I would recommend opening an issue before working on anything too significant, because this will greatly increase the chance that your work is still useful by the time you're ready to send a pull-request.

The reason for this is that the project is still young enough that I might make some drastic changes on a regular basis. I also recommend opening an issue if you want to start building something on top of it, so we can discuss stability of interfaces (which for the time being are subject to change without notice).

The omena branch is my laptop's remote and generally contains the latest and greatest and most broken code.

Code of conduct?

Github thinks having "code of conduct" is important, so here's one:

This project is a safe-space for minorities of any kind.

This project is not a safe-space for SJWs.
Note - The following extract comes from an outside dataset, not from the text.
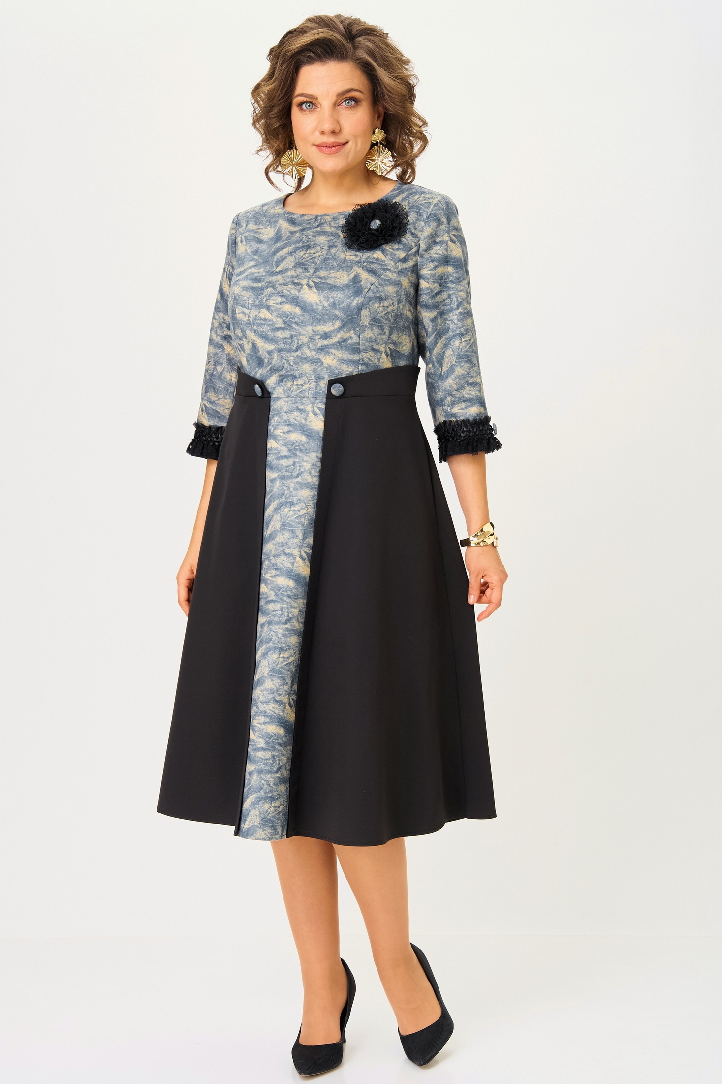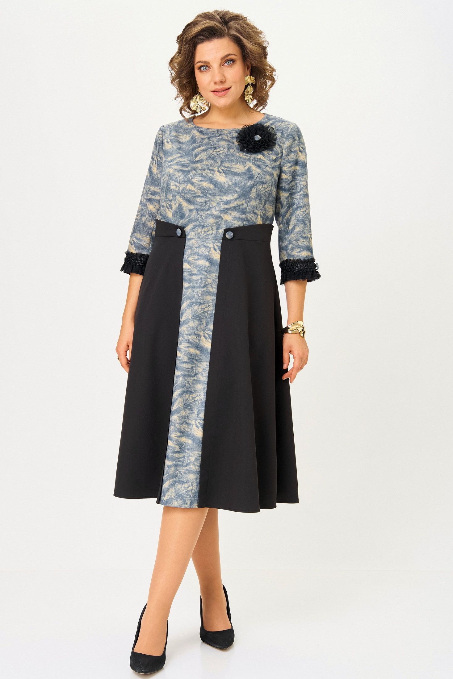 Платье полуприлегающего силуэта, отрезное по линии талии. Горловина округлой формы, обработана обтачкой. По переду лифа — рельефные швы. По спинке лифа талиевые вытачки и средний шов, в котором обработана потайная молния. Юбка платья "клеш", с вертикальной вставкой по переду и средним швом по спинке. Подрез по талии закрывается декоративным поясом с пуговицами. Добавят комфорта при носке функциональные карманы в боковых швах. Рукав втачной прямой, длиной ¾, по низу — манжет, декорированный тесьмой и пуговицей. В комплекте к платью прилагается съемное украшение из тесьмы.Длина платья: 118 см. Длина рукава: 43 см

Go away.

Instructions?

The first step is to include src/bjit.h.

The second step is to create a bjit::Proc which takes a stack allocation size and a string representing arguments (i for integer, f for single floats, d for double). The allocated block will always be the SSA value Value{0} (in practice this is the stack pointer) and the arguments will be placed in env[0..n] (left to right, at most 4 for now). More on env below. Pass 0 and "" if you don't care about allocations or arguments. Note that we don't have an LLVM-like mem2reg optimization, so you should not place variables in memory unless you need to index an array or pass a pointer somewhere. Put them into env instead.

To generate instructions, you can then call instruction methods on Proc. The last instruction of every block must be either a jump (conditional or unconditional), a return instruction or a tail-call (DCE can cleanup dead tails though, so a front-end can safely generate extra jumps or returns when in doubt). Any instructions are placed into the last emitted label or the entry-block if no labels have been emitted yet.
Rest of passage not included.